The Republican majority in the House had already mustered the three-fifths vote needed to override Cooper's vetoes on House Bill 140, which consumer advocates flagged as an enabler for predatory lenders, and on House Bill 770. Until Wednesday night, the Senate, where Republicans also hold a veto-proof majority, had delayed action on these bills.

Both Senate votes Wednesday were 30-9 and came at the tail end of a day of back-and-forth negotiations between the House and the Senate, much of which focused on an environmental regulatory reform bill the Republican leadership eventually came to agreement on.

Democrats supported House Bill 140 when it first passed the General Assembly earlier this year but sided with the governor after consumer groups laid out concerns with the legislation, which expands lenders' ability to sell borrowers credit property insurance to cover loan costs when the borrowers can't pay.

Sen.
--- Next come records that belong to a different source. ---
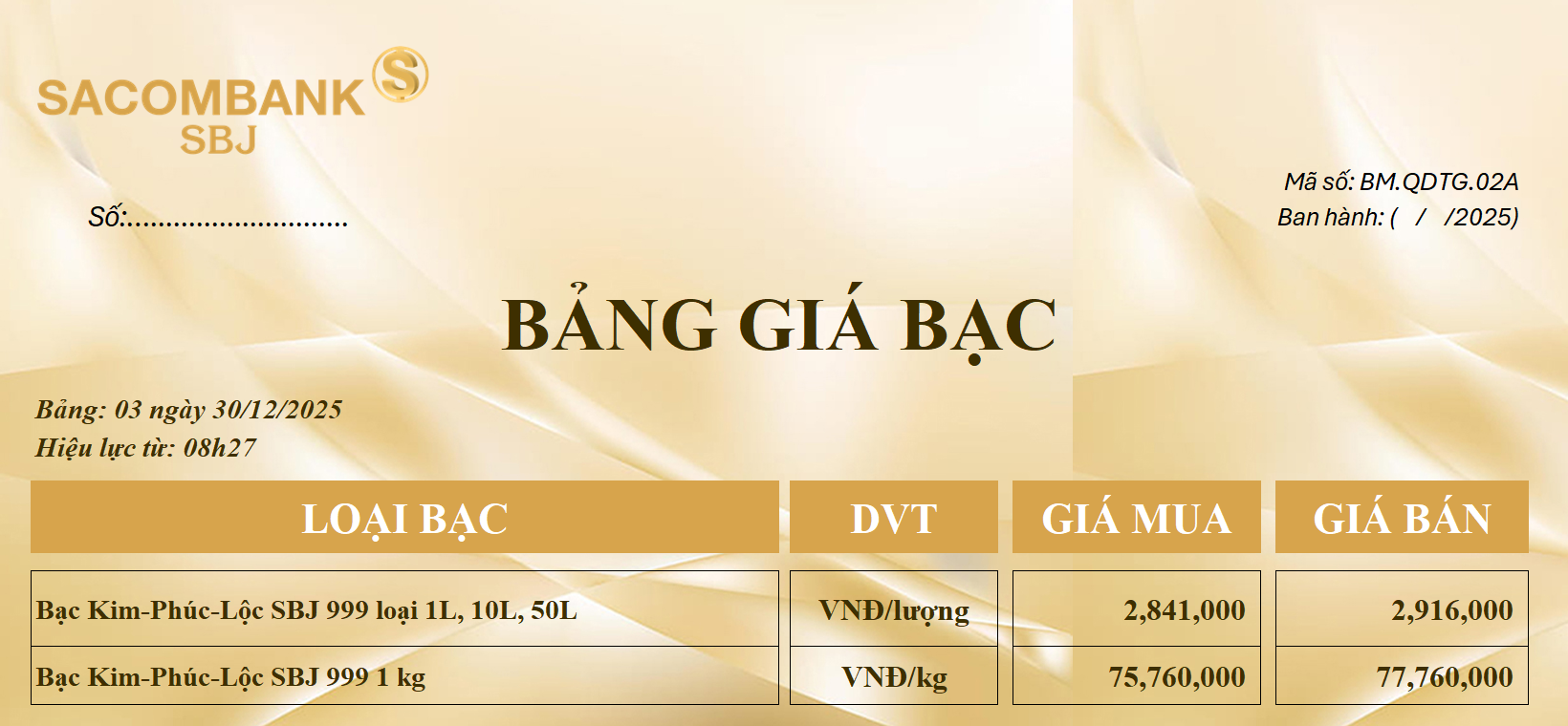 Bảng Tỷ Giá Bạc - Ngày 30/12/2025 - Bảng 3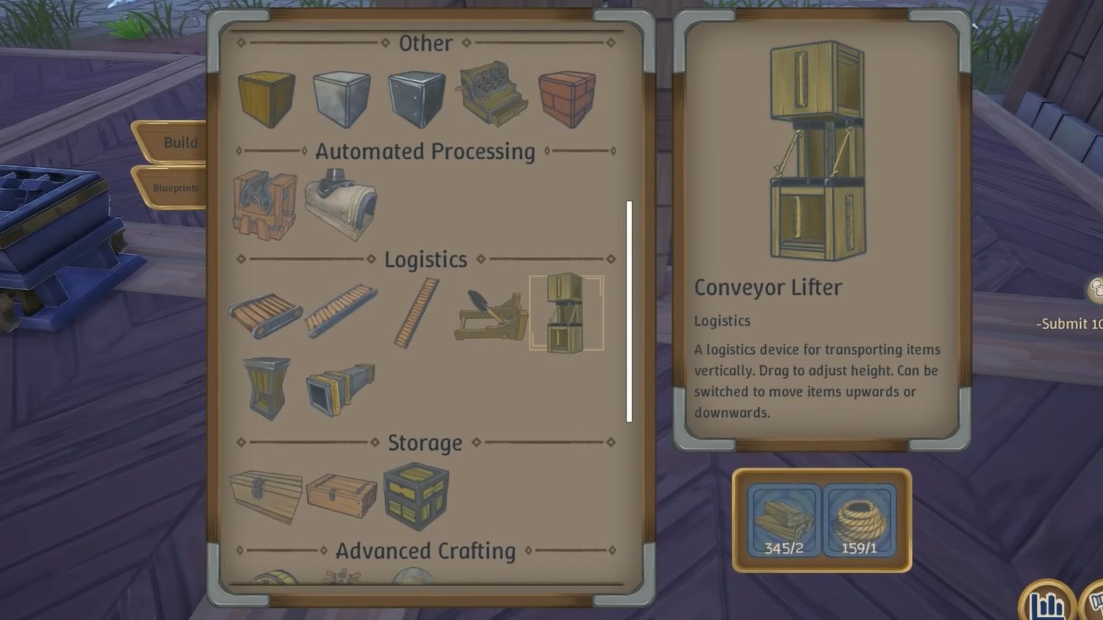 Conveyor LifterTransports items vertically. Height can be adjusted by dragging it. Can be used to move items upwards or downwards.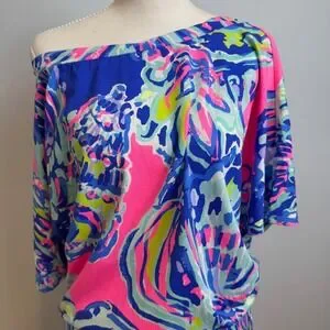 Keywords: Lilly Pulitzer, Preppy, Coastal, Tropical, Resortwear, Bright, Neon, Shell Print, Boat Neck, Rayon Spandex, Summer Dress, Vacation, Beach, Palm Beach, Colorful

Jay Chaudhuri, D-Wake, ticked off a couple examples of high-fee loans during brief debate on the bill Wednesday, saying the new provision would contribute to the cycle of debt and prey "on our working-class and middle-class families."

Supporters pitched the change as a needed updated for a 40-year-old set of regulations, and they stressed that credit insurance is an optional purchase.

House Bill 770 deals with several sections of state code, but the controversy arose from language that will allow an employee at the state Industrial Commission, who's also a former general counsel for the state Republican Party, to draw a second state paycheck from the state's Property Tax Commission despite rules against salary double-dipping.

Bill Peaslee has been moonlighting at the Property Tax Commission, saying he takes time off from his regular job to sit in on commission hearings. He was paid for this time under former Gov. Pat McCrory, but Cooper's administration stopped the payments. The veto override makes the money flow again, and legislative supporters said it's only fair to pay Peaslee for his work.

"These bills have the wrong priorities for our state," Ford Porter, a spokesman for Cooper, said in a statement. "House Bill 140 allows predatory and high-risk insurance policies that unfairly target low-income North Carolinians, while House Bill 770 includes unconstitutional power grabs and a carve-out intended to financially benefit a single state employee. Working families expect their leaders to represent all North Carolinians, not just the well connected."